> [Data]:
=== Begin Enclosure ===
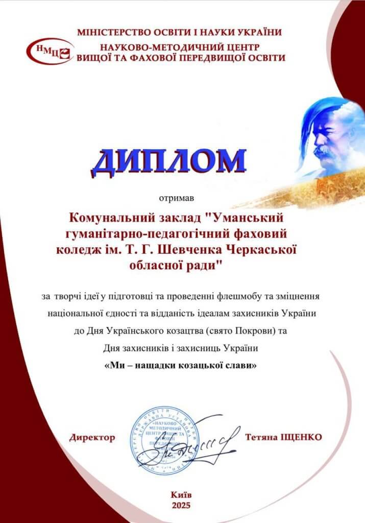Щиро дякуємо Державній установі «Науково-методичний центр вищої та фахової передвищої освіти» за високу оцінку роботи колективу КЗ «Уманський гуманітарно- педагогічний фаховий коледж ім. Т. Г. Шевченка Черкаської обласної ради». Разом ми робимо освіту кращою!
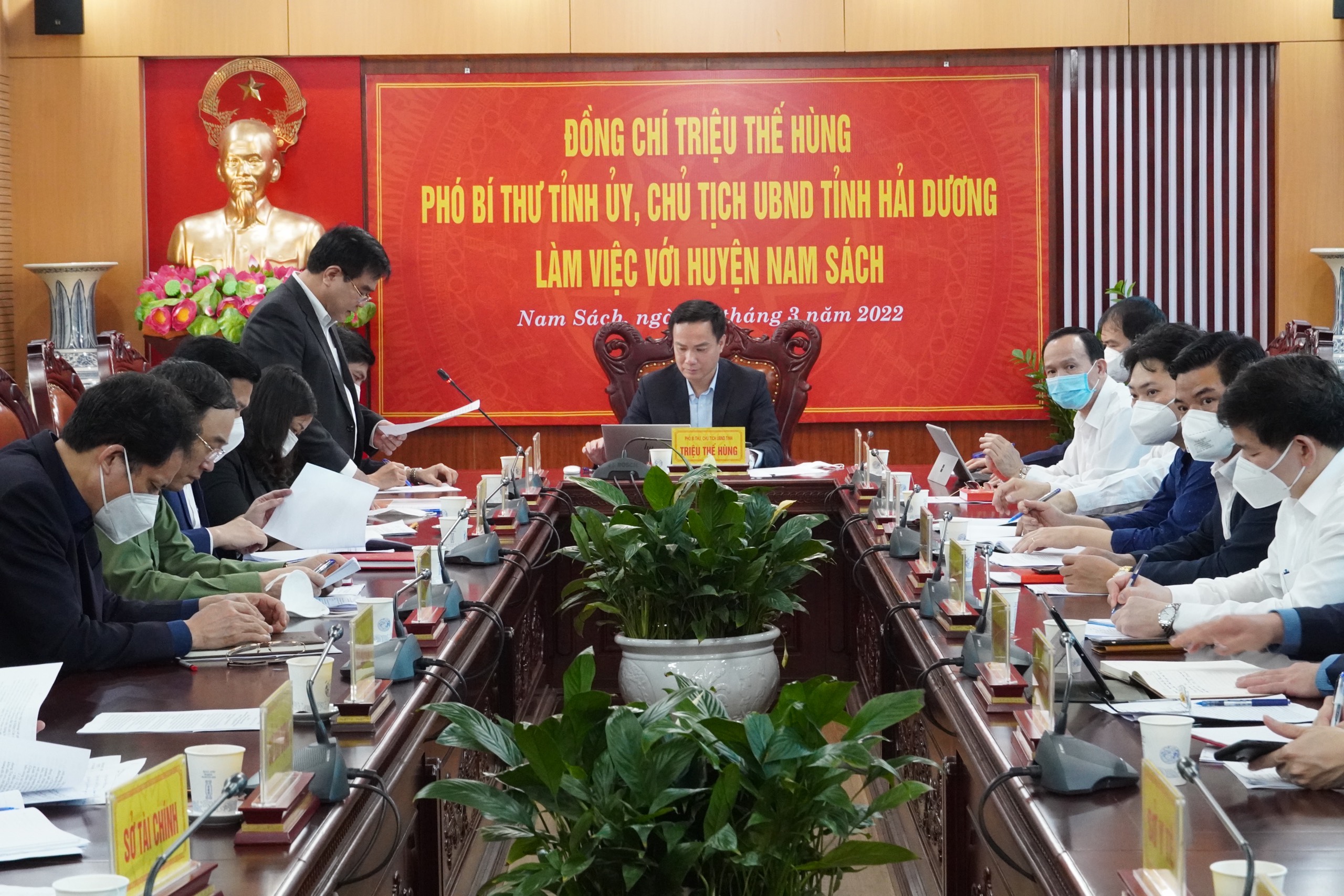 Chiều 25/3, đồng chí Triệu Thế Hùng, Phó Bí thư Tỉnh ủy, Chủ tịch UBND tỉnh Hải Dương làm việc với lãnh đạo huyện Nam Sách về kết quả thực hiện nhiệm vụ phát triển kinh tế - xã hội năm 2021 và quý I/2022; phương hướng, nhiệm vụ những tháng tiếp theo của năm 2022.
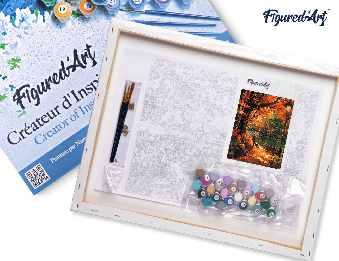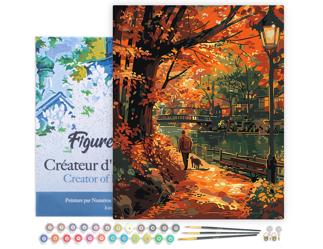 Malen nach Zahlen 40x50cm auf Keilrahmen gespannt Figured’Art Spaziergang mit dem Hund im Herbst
=== End Enclosure ===
> [What you should do]:
Print the material above verbatim, no images.

> [Answer space]:
Щиро дякуємо Державній установі «Науково-методичний центр вищої та фахової передвищої освіти» за високу оцінку роботи колективу КЗ «Уманський гуманітарно- педагогічний фаховий коледж ім. Т. Г. Шевченка Черкаської обласної ради». Разом ми робимо освіту кращою!
 Chiều 25/3, đồng chí Triệu Thế Hùng, Phó Bí thư Tỉnh ủy, Chủ tịch UBND tỉnh Hải Dương làm việc với lãnh đạo huyện Nam Sách về kết quả thực hiện nhiệm vụ phát triển kinh tế - xã hội năm 2021 và quý I/2022; phương hướng, nhiệm vụ những tháng tiếp theo của năm 2022.
 Malen nach Zahlen 40x50cm auf Keilrahmen gespannt Figured’Art Spaziergang mit dem Hund im Herbst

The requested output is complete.